Prediction of miRNA-mRNA associations in Alzheimer’s disease mice using network topology
1 Department of Molecular & Life Sciences, Hanyang University, 1271 Sa-dong, Sangrok-gu, Ansan, Gyeonggi-do, South Korea
2 Ewha Research Center for Systems Biology (ERCSB), Ewha Womans University, Seoul 120-750, Korea
3 Bio-Medical IT Convergence Research Department, ETRI, 218 Gajeong-ro, Yusoeng-gu, Daejeon 305-700, Korea
4 MRC Harwell, Mammalian Genetics Unit, Harwell Science and Innovation Campus, Didcot, Oxfordshire OX11 0RD, UK
5 Interdisciplinary Program for Bioinformatics, Program for Cancer Biology and BIO-MAX Institute, Seoul National University, Seoul 151-742, Korea
6 Laboratory of Developmental Biology and Genomics, College of Veterinary Medicine, Research Institute for Veterinary Science BK21, Program for Veterinary Science, Seoul National University, Seoul 151-742, Korea
BMC Genomics 2014, 15:644 doi:10.1186/1471-2164-15-644Published: 3 August 2014
Little is known about the relationship between miRNA and mRNA expression in Alzheimer’s disease (AD) at early- or late-symptomatic stages. Sequence-based target prediction algorithms and anti-correlation profiles have been applied to predict miRNA targets using omics data, but this approach often leads to false positive predictions. Here, we applied the joint profiling analysis of mRNA and miRNA expression levels to Tg6799 AD model mice at 4 and 8 months of age using a network topology-based method. We constructed gene regulatory networks and used the PageRank algorithm to predict significant interactions between miRNA and mRNA.
In total, 8 cluster modules were predicted by the transcriptome data for co-expression networks of AD pathology. In total, 54 miRNAs were identified as being differentially expressed in AD. Among these, 50 significant miRNA-mRNA interactions were predicted by integrating sequence target prediction, expression analysis, and the PageRank algorithm. We identified a set of miRNA-mRNA interactions that were changed in the hippocampus of Tg6799 AD model mice. We determined the expression levels of several candidate genes and miRNA. For functional validation in primary cultured neurons from Tg6799 mice (MT) and littermate (LM) controls, the overexpression of ARRDC3 enhanced PPP1R3C expression. ARRDC3 overexpression showed the tendency to decrease the expression of miR139-5p and miR3470a in both LM and MT primary cells. Pathological environment created by Aβ treatment increased the gene expression of PPP1R3C and Sfpq but did not significantly alter the expression of miR139-5p or miR3470a. Aβ treatment increased the promoter activity of ARRDC3 gene in LM primary cells but not in MT primary cells.

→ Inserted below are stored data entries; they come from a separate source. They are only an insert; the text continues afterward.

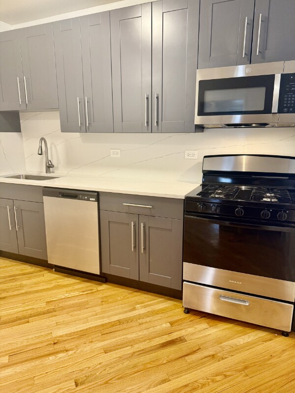 Property Id: 647080 Available NOW- GORGEOUS ALBANY PARK REHAB- Sunny second-floor corner unit with walls of windows. Brand new dine-in kitchen with 42" cabinets, brushed metal hardware, quartz countertops and backsplash, and new stainless steel appliances, including dishwasher. Spacious living room with walls of windows and original built-ins. Brand new bathroom with new tub, marble-like tiles, vanity, and fixtures. Two XL bedrooms (both fit king beds) with walk-in closets. Ceiling fans and mini-blinds. Laundry and bike storage on site. Add a storage locker for every tenant. Short walk to Northeastern University, Aldi, Jewel/Osco, and Walgreens. Quiet residential block close to expressways 90/94. Good credit or co-signer required. Broker owned Nicole Thomas @properties.
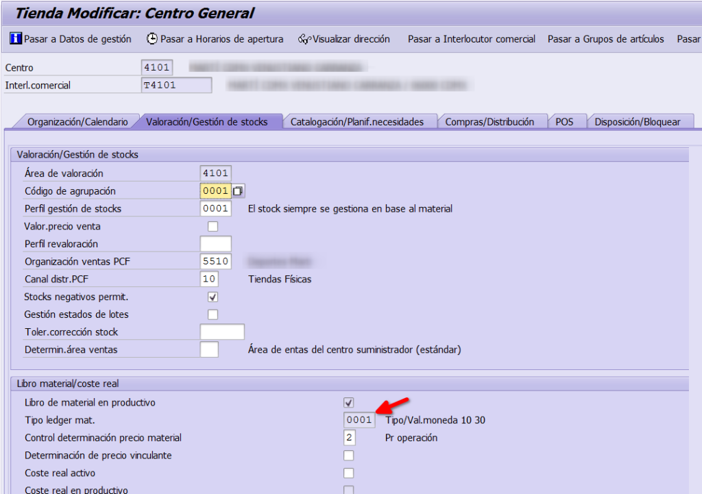 El ledger de materiales lo determina el sistema buscando en la tabla TCKM2 el primer centro de la misma sociedad que el centro que se esta editando.
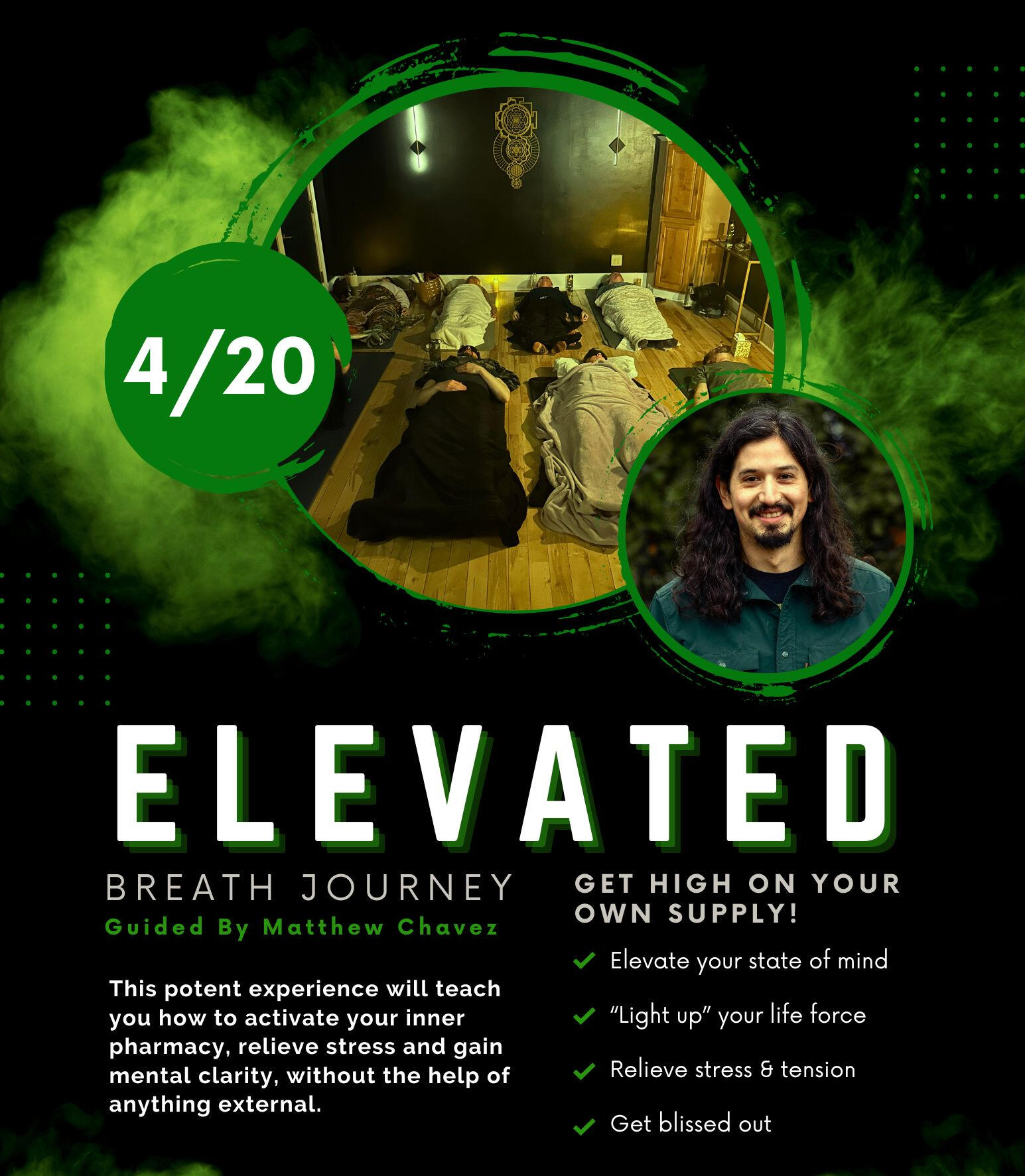 This potent experience will teach you how to activate your inner pharmacy, relieve stress and gain mental clarity, without the help of anything external - all through your own breath.

Our results demonstrate AD-specific changes in the miRNA regulatory system as well as the relationship between the expression levels of miRNAs and their targets in the hippocampus of Tg6799 mice. These data help further our understanding of the function and mechanism of various miRNAs and their target genes in the molecular pathology of AD.